To validate your data incrementally, you will first define how to partition your data into Batches and then select a specific time-based Batch to validate.

  1. Retrieve your Data Asset.

    Python
    data_source_name = "my_data_source"
    data_asset_name = "my_data_asset"

    import great_expectations as gx

    context = gx.get_context(mode="cloud")
    ds = context.data_sources.get(data_source_name)
    data_asset = ds.get_asset(data_asset_name)
  2. Decide how you want to batch your data. Reference the table below to determine the method to use to achieve your goal.

    Goalmethod
    Partition records by yearadd_batch_definition_yearly
    Partition records by year and monthadd_batch_definition_monthly
    Partition records by year, month, and dayadd_batch_definition_daily
  3. Partition your data. This example demonstrates daily Batches with the add_batch_definition_daily method. Refer to the above table for methods for other types of Batches.

    Python
    batch_definition_name = "my_daily_batch_definition"
    date_column = "my_date_or_datetime_column"
    daily_batch_definition = data_asset.add_batch_definition_daily(
    name=batch_definition_name, column=date_column
    )
  4. Retrieve your API-managed Expectation Suite.

    Python
    suite_name = "my_expectation_suite"
    suite = context.suites.get(name=suite_name)
  5. Create a Validation Definition that associates your time-based Batch Definition with your API-managed Expectation Suite.

    Python
    definition_name = "my_validation_definition"
    validation_definition = gx.ValidationDefinition(
    data=daily_batch_definition, suite=suite, name=definition_name
    )

    validation_definition = context.validation_definitions.add(validation_definition)
  6. Run the Validation Definition with Batch Parameters passed as integers.

    Python
    batch_parameters_daily = {"year": 2019, "month": 1, "day": 30}

    validation_definition.run(batch_parameters=batch_parameters_daily)
  7. Optional. Create a Checkpoint so you can trigger Actions based on the Validation Results of your API-managed Expectations.

    Python
    # Retrieve the Validation Definition
    validation_definition = context.validation_definitions.get("my_validation_definition")

    # Create a Checkpoint
    checkpoint_name = "my_checkpoint"
    checkpoint_config = gx.Checkpoint(
    name=checkpoint_name, validation_definitions=[validation_definition]
    )

    # Save the Checkpoint to the data context
    checkpoint = context.checkpoints.add(checkpoint_config)
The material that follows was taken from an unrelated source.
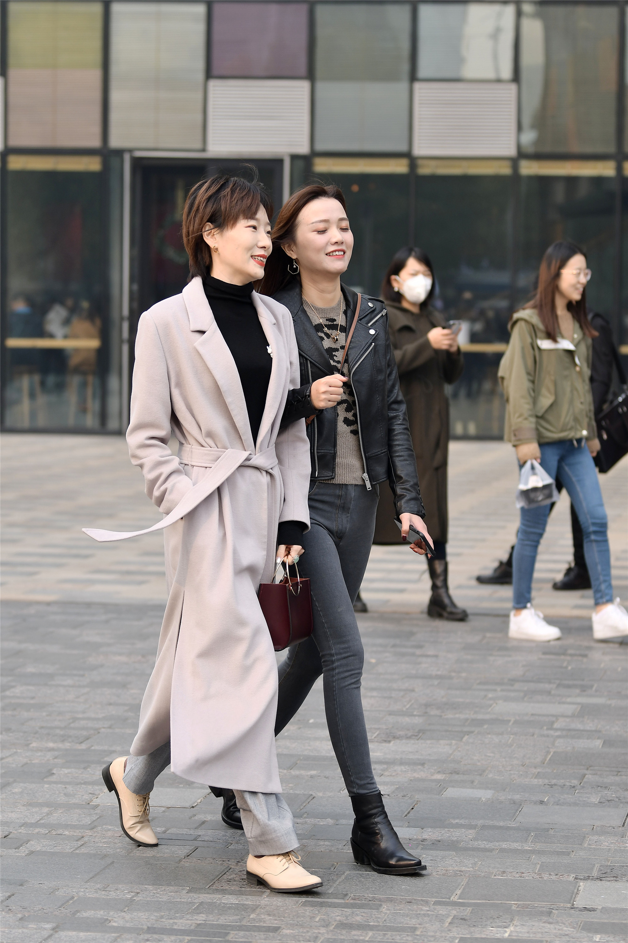 也许风衣这样穿更有美感,直接把腰带系上,不要把风衣裹在身上,而是前衣襟要秀出自己的黑色内搭来,很显瘦的感觉,她的闺蜜黑色牛仔裤搭配黑色皮夹克,这是属于她们的秋天搭配,简单却很好看。

    # When you run the Checkpoint, pass Batch Parameters as integers
    batch_parameters_daily = {"year": 2019, "month": 1, "day": 30}

    checkpoint.run(batch_parameters=batch_parameters_daily)

When the Validation is complete, you can view the results in the GX Cloud UI.

View Validation run history

  1. In GX Cloud, select the relevant Workspace and then click Data Assets.

  2. In the Data Assets list, click the Data Asset name.

  3. Click the Validations tab.

  4. If you have multiple Expectation Suites, select the suite of interest.

  5. Do one or more of the following:

    • To view results for a specific Validation run, select an entry in the Batches & run history pane.

      • To view only Expectations that failed in the selected run, click Failures only.
    • To view the run history of all Validations, select All Runs to view a graph showing the Validation run history for all columns.

      • To view details about a specific Validation run in the Validation timeline, including the observed values, hover over a success or failure severity icon.

      Provided details are: success, severity, run time, batch interval, batch column, batch name, and observed value.

    Run history details

    Depending on how your Data Assets are validated, you may find the following information on entries in the Batches & run history pane.

    • A calendar icon calendar icon indicates a Validation ran by a GX-managed schedule.
    • Batch information is included for any Validation ran on a subset of a Data Asset.
  6. Optional. Click Share to copy the URL for the Validation Results and share them with other users in your workspace.